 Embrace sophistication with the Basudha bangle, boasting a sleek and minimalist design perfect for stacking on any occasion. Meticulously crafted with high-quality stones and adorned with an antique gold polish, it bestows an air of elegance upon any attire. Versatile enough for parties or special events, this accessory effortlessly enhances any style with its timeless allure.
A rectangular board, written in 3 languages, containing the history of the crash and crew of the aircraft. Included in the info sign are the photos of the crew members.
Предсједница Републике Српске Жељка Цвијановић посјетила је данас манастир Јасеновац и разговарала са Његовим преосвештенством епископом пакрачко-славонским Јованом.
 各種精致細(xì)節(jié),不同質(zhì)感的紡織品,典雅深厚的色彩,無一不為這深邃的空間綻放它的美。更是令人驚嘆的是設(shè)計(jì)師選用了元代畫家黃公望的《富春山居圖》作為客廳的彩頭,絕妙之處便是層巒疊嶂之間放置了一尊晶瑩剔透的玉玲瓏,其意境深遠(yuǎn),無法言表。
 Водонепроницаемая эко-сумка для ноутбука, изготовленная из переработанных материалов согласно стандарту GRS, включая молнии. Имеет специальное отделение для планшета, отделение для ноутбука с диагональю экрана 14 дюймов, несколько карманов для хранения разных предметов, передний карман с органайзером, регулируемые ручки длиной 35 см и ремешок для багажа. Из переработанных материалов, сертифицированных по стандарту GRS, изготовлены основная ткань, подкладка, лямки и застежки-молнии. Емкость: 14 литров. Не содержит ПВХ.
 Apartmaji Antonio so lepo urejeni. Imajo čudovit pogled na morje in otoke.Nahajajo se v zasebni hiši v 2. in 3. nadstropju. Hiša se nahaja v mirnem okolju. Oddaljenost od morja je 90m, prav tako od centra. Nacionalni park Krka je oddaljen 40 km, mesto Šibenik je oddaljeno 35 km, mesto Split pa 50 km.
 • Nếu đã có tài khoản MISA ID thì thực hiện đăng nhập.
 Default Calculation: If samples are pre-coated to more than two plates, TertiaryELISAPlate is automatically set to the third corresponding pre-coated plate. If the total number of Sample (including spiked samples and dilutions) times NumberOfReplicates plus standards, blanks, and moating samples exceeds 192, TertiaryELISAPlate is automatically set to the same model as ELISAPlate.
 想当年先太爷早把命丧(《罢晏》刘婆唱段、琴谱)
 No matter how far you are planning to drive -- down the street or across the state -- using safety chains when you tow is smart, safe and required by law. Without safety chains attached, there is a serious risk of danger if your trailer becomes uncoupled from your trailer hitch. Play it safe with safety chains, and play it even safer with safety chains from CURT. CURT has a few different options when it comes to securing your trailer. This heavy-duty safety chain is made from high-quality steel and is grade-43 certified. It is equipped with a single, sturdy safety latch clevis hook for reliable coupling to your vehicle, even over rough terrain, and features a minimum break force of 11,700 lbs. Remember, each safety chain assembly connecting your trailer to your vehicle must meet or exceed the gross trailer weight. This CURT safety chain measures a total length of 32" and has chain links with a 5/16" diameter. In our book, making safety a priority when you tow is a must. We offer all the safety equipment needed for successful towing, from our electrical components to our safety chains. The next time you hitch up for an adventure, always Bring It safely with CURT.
------------------------
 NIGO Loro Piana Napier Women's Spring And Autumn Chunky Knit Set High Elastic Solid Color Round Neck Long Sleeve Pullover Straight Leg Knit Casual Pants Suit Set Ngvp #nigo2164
------------------------
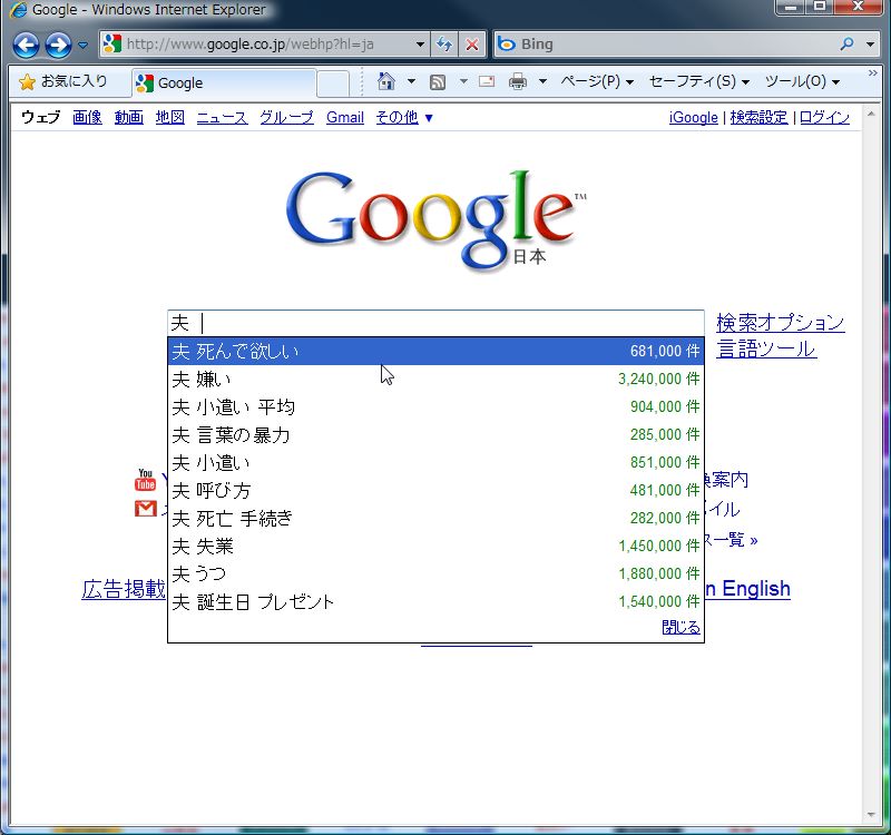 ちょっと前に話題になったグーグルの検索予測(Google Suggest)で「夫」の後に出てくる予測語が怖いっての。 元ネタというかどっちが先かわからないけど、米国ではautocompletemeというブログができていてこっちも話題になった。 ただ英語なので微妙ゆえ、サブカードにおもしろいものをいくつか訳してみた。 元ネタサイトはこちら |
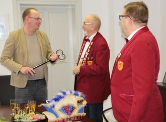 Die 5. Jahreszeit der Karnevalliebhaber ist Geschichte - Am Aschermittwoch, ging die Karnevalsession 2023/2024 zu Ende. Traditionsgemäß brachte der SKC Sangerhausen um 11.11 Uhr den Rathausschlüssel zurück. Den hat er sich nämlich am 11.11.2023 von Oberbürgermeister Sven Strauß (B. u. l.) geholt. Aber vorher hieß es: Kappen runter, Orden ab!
------------------------
**Exercise prompt**
Nothing should appear in the answer except the lines above from the line with "Embrace sophistication with" through the line with "A rectangular board, written", both included, written out exactly.

**Exercise solution**
 Embrace sophistication with the Basudha bangle, boasting a sleek and minimalist design perfect for stacking on any occasion. Meticulously crafted with high-quality stones and adorned with an antique gold polish, it bestows an air of elegance upon any attire. Versatile enough for parties or special events, this accessory effortlessly enhances any style with its timeless allure.
A rectangular board, written in 3 languages, containing the history of the crash and crew of the aircraft. Included in the info sign are the photos of the crew members.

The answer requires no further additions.